Supreme Court Denies Corporations “Personal Privacy” Rights Under FOIA

In an opinion by Chief Justice Roberts reversing the court below, the Supreme Court held today in FCC v. AT&T that a corporation cannot claim the “personal privacy” exemption under the Freedom of Information Act (FOIA). FOIA requires government agencies to disclose records requested in writing by any person, unless the record falls within one of nine exemptions, one of which protects records or information compiled for law enforcement purposes when releasing the records would be an unwarranted invasion of “personal privacy.” In this case, AT&T tried to claim that the Federal Communications Commission could not disclose to parties that filed a FOIA request information about its investigation that AT&T was overcharging for equipment and services it was supplying to schools. AT&T argued that releasing FCC's investigation records would invade its “personal privacy” under the statute.

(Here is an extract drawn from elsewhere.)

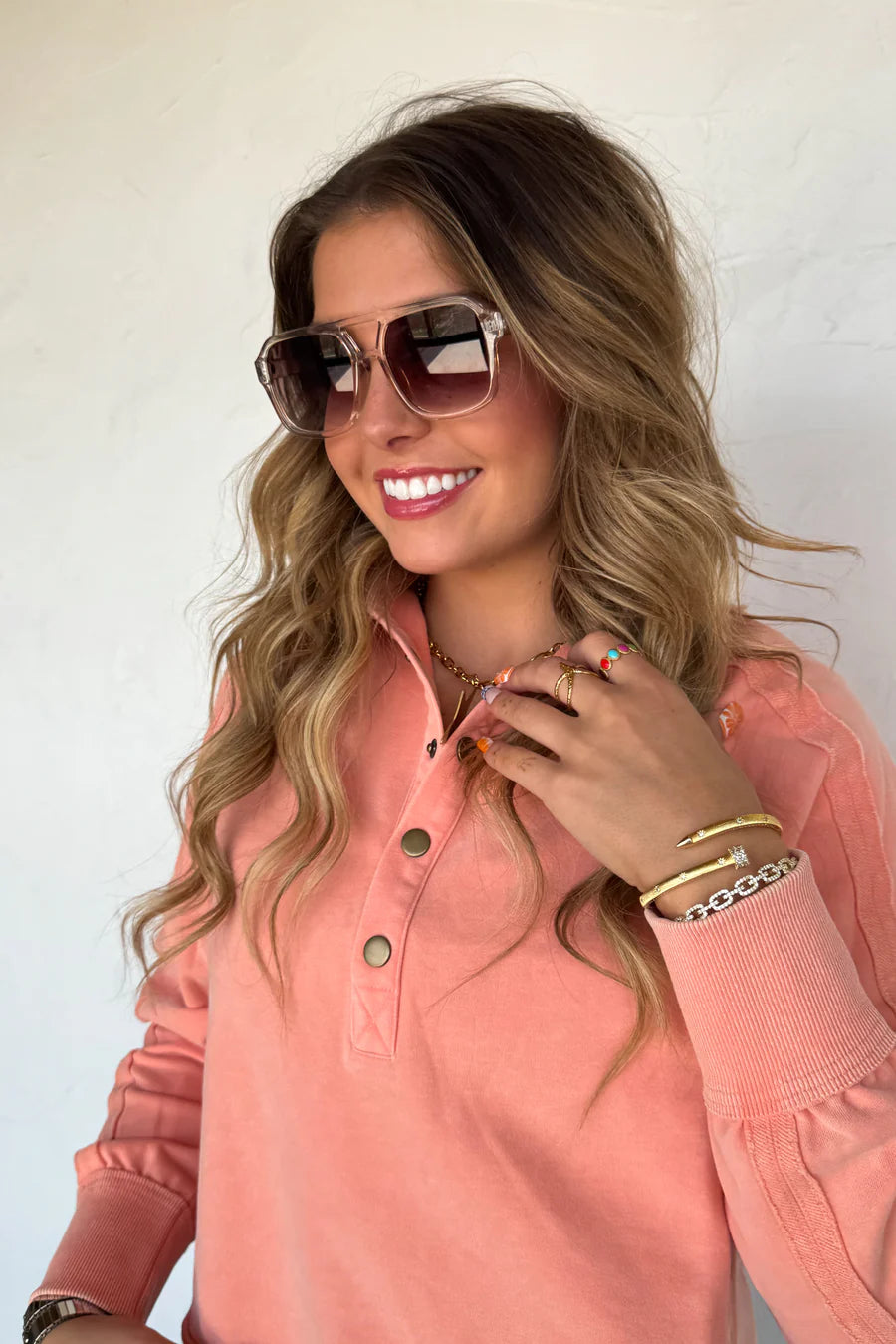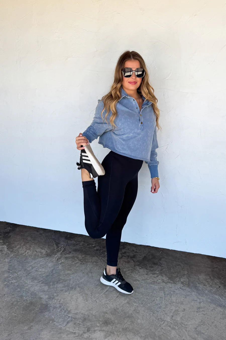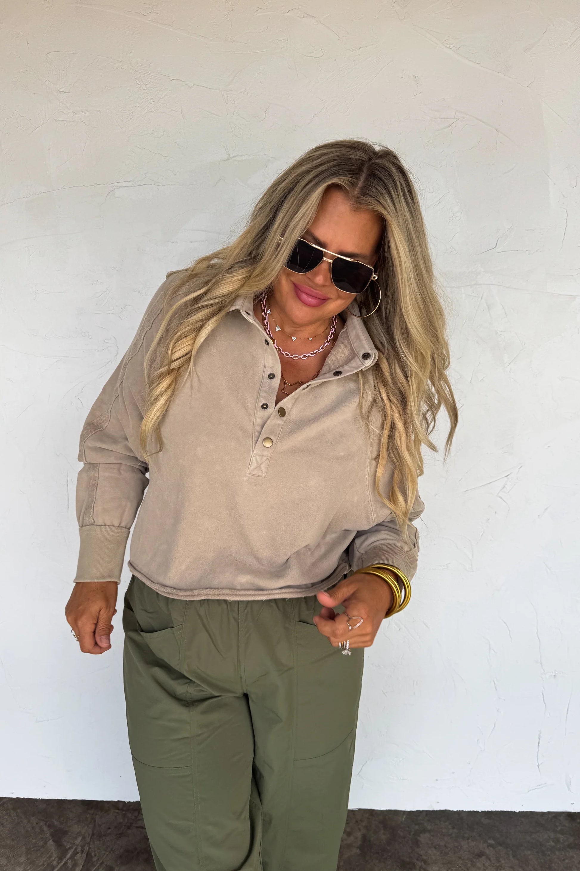 We spared no attention to detail in this raw hem/semi crop pullover! Such a relaxed, trendy look! Has a slouchy fit, vintage wash, exposed seaming and ribbed cuffs. Has super soft terry "sweatshirt" feel on the inside!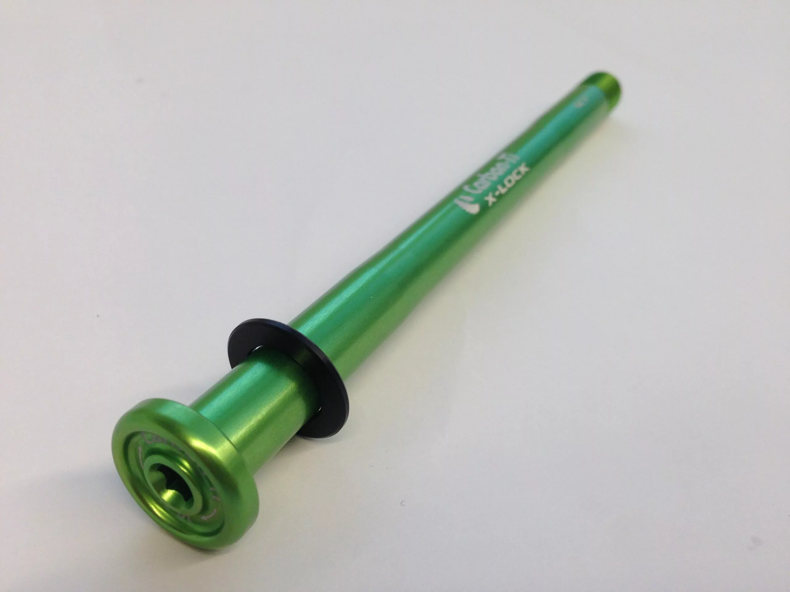 Die X-Lock X-E-Thru 12 x 142 Steckachsen von Carbon-Ti werden aus einem Stück Aluminium 7075 hergestellt. Die Achse ist mehrfach konifiziert, um das Gewicht auf niedrige 34g zu drücken. egenüber der Scott 12×142 mm Steckachse werden ungefähr 30g eingespart. Die Befestigung erfolgt über einen 5mm Inbusschlüssel.

The Court rejected AT&T's arguments. The court held that the term “personal,” which is not defined in FOIA, should be given its ordinary meaning given the context in which it was used, i.e., it refers to people. Thus, the phrase “personal privacy” is “simply the sum of its two words: the privacy of a person.” Moreover, the Court held, Congress included an exemption distinct from the personal privacy exemption for “trade secrets and commercial or financial information obtained from a person and privileged or confidential,” concluding that the latter was intended to protect certain corporate interests while the former was not. The fact that the federal government has long interpreted the FOIA personal privacy exemption to refer to the privacy interests of individuals and not to corporations was cited as further support for the Court's holding.

One reason this case garnered attention is because, in Citizens United v. FEC, a 5-4 majority of the Court held that corporations had the same constitutional rights as people to spend money on political campaigns. The effect was to unleash a tsunami of corporate spending on the 2010 election, much of it from undisclosed sources. With far less at stake, the Court in this case rejected the idea that Congress intended corporations to have “personal privacy” protections under FOIA.